Elementary Statistics (STAT 201)

Probability

Randomness -- flip a coin

  • A phenomenon is a random phenomenon if all possible outcomes of the phe- nomenon are known, but which one occurs is uncertain. We use probability to quantify the uncer- tainty in random phenomena.

  • A random trial or random experiment is any observable action in which the occurrence of the outcomes is random.

Random Noise

Which one is more "random" ?

  • Suppose you flipped a coin many times, H means you observed a head, T means tail.
  • Two records:
    • HTTHTTTHTTTHHTTTTHTHTTHHHTHTHTTHHHHTHHHHTTHHHHHHHHHTH THTHTHTTHTHTHHHTHHTHTTHHTTHHTHTHHTHHTHTTTTHTTHH
    • HTTHTHTHTTHTHHTHTTHTHTTHTTTHTTHTTTHTTHTHTTHTHTTHTTTHT HTHTHTTHTHTHHTHTHTHTHTHTHTHTHTTHTHTHTTTHTTHTTHT

Probability

  • The probability of an event A is the proportion of times that the event occur in a long run of observations. We often denote the probability of an event A by $P(A)$.

  • Remark. The above definition is usually referred to as the law of large numbers (LLN), which states that the sample proportion of an event A gradually approaches P(A) as the sample size n increases to infinity.

LAW of Large Numbers

In [21]:
from IPython.display import IFrame
IFrame("http://47.254.76.4:3838/sample-apps/LLN/", width=1000, height=500)
Out[21]:

Sample space and Events

  • The sample space of a random trial, denoted by S, is the collection of all possible outcomes of the trial.
  • An event is a sub-collection of some outcomes within the sample space.
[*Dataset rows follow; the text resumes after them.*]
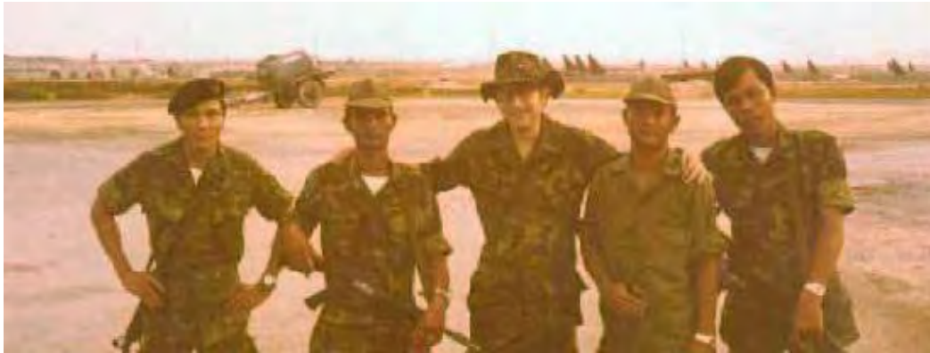
5) Burpee with Thai K-9: Thai on right pulled weapon on GI's at Kennels one night, had a strange confrontation with Thais/GI's defused situation and the Thai was booted out of K-9.
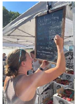
Queen Anne Farmers Market
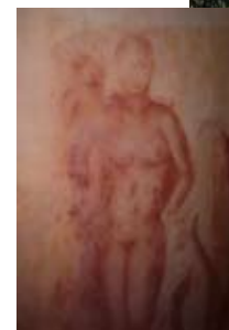
Mural at the Münter House

At the Schloss (castle) in Murnau, you will find a vast collection of "Blue Rider" work. The castle and the church have been favorite motifs of the artists. www.schlossmuseum-murnau.de
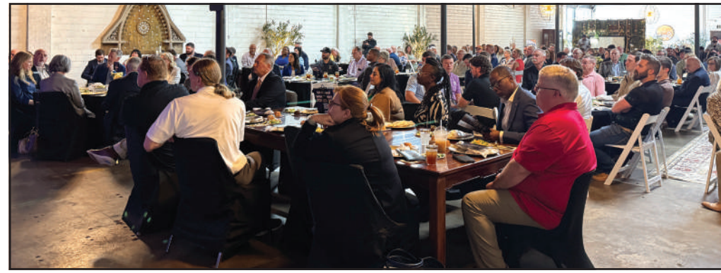
About 200 officials from 11 counties gathered at Midtown Social Friday, April 10, for State of the Southwest, hosted by the Southwest Arkansas Development Alliance.
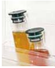
Refrigerate for 3-6 hours until completion.
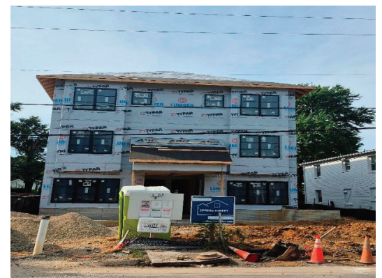
SIX-PLEX; BALLSTON-VIRGINIA SQUARE
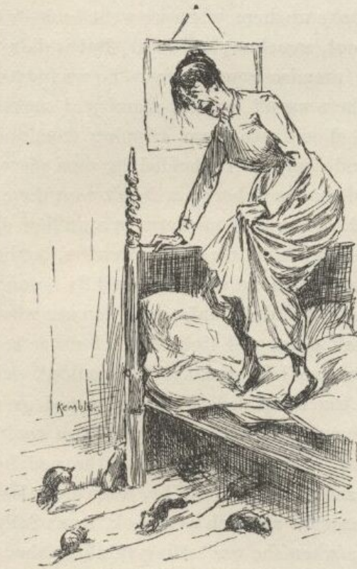
KEEPING OFF DULL TIMES.

In the morning we went up to the village and bought a wire rat trap and fetched it down, and unstopped the best rat hole, and in about an hour we had fifteen of the bulliest kind of ones ; and then we took it and put it in a safe place under Aunt Sally's bed. But while we was gone for spiders, little Thomas Franklin Benjamin Jefferson Elexander Phelps found it there, and opened the door of it to see if the rats would come out, and they did ; and Aunt Sally she come in, and when we got back she was a standing on top of the bed raising Cain, and the rats was doing what they could to keep off the dull times for her. So she took and dusted us both with the hickry, and we was as much as two hours catching another fifteen or sixteen, drat that meddlesome cub, and they
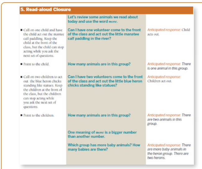
Exhibit 2. Expansions

Expansions involve taking children's language and rephrasing their comments using more specific or complete sentences. In the example here, the teacher language is in the middle column and anticipated child responses are in the right-hand column. For the final question, children may respond with one- or two-word answers. The teacher can use the anticipated response as a model to repeat back to children as a model for the complete statement.
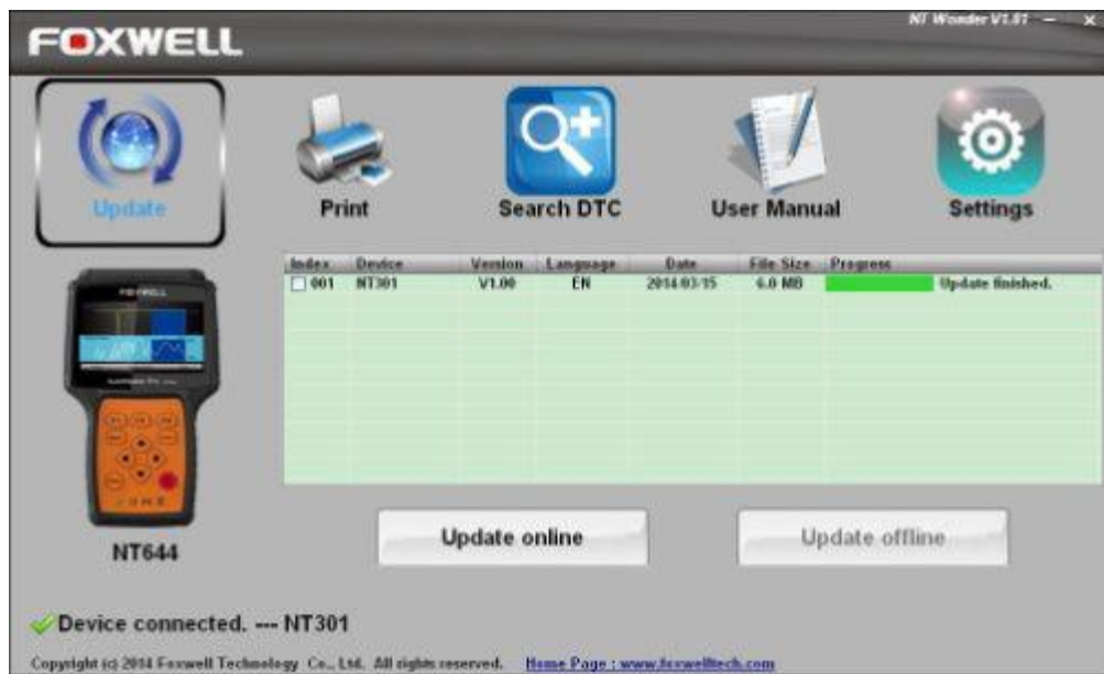
Sample Update Done Screen

8. A Update Finished Message displays when the update is completed.
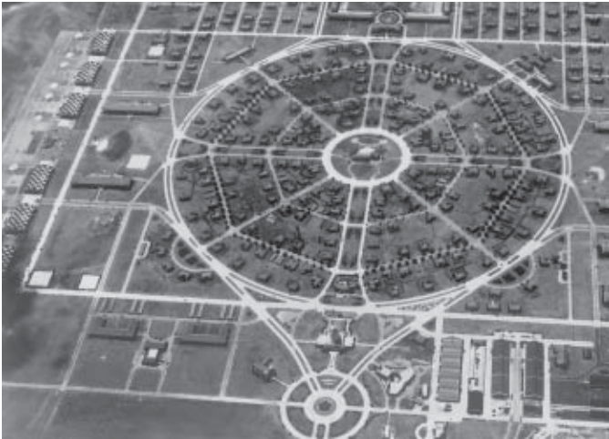
Randolph Field, Texas in 1939, "The West Point of the Air"

Overall, the Air Corps Act was a major stepping stone in the advancement of American airpower. The Army, grudgingly, was forced to show more respect to airmen and allow them to serve in key command and staff positions, but it also increased friction between the new Air Corps and ground officers. The Act also gave airmen more autonomy to plan their own destiny and to begin formulating a doctrine of airpower employment. Finally, the Air Corps Act increased the size of the air arm, while also improving its quality. As the country descended into the Great Depression, these proved to be important considerations. It was not what airmen desired or thought necessary for the country's security, but it was a significant step forward.

Calculating the probability

  • In case the number of outcomes in S is finite, if the outcomes are all equally likely to occur, then the probability of an event A is given by
$$ P(A) =\frac{\operatorname{Number of outcomes in} A}{\operatorname{Number of outcomes in} S} = \frac{N(A)}{N(S)} $$

Basic properties

  • $P(S) = 1$

  • For any event $A$, $0 ≤ P(A) ≤ 1$

    • If $P(A) = 1$, we call the event $A$ a sure event.
    • If $P(A) = 0$, we call the event $A$ an impossible event.
  • The probabilities of all outcomes should sum to 1.

Venn diagram

  • A Venn diagram, displays the relationship between a sample space and possible events, in which
    • the rectangle represents the sample space S;
    • the circle represents a specific event A.

Basic probability rules

  • Complement $A^c$: all outcomes in the sample space $S$ that do not belong to the event $A$.
$$ P(A^c) = 1 − P(A) $$
  • Disjoint events: two events, $A$ and $B$, are disjoint if they do not share any common outcomes. If events $A$ and $B$ are disjoint,

Basic probability rules

  • Intersection $A$ and $B$: all outcomes in the sample space S that belong to both $A$ and $B$.
$$ P(A \operatorname{and} B) = \frac{N(A \operatorname{and} B)}{N(S)} = \frac{\operatorname{Number of outcomes in} A \operatorname{and} B}{\operatorname{Number of outcomes in} S} $$
  • Union $A$ or $B$: all outcomes in the sample space S that belong to both $A$ or $B$.
$$ P(A \operatorname{or} B) = P(A) + P(B) − P(A \operatorname{and} B) $$

Basic probability rules

  • If events A and B are disjoint, then we have

    • $$ P(A \operatorname{and} B) = 0 $$

    • $$ P(A \operatorname{or} B) = P(A) + P(B) $$

Basic probability rules - explained by Venn diagram

  • Intersection

Basic probability rules - explained by Venn diagram

  • Union

Exercise time!

Conditional probability

  • For events $A$ and $B$, the conditional probability of event $A$ given that event $B$ has occurred is

    $$ P(A | B) = \frac{P(A \operatorname{and} B)}{P(B)} = \frac{\operatorname{Number of outcomes in} A \operatorname{and} B}{\operatorname{Number of outcomes in} B} $$

  • $P (A|B)$ is read as “the probability of event A given event B”. The pipe “|” represents the word “given”.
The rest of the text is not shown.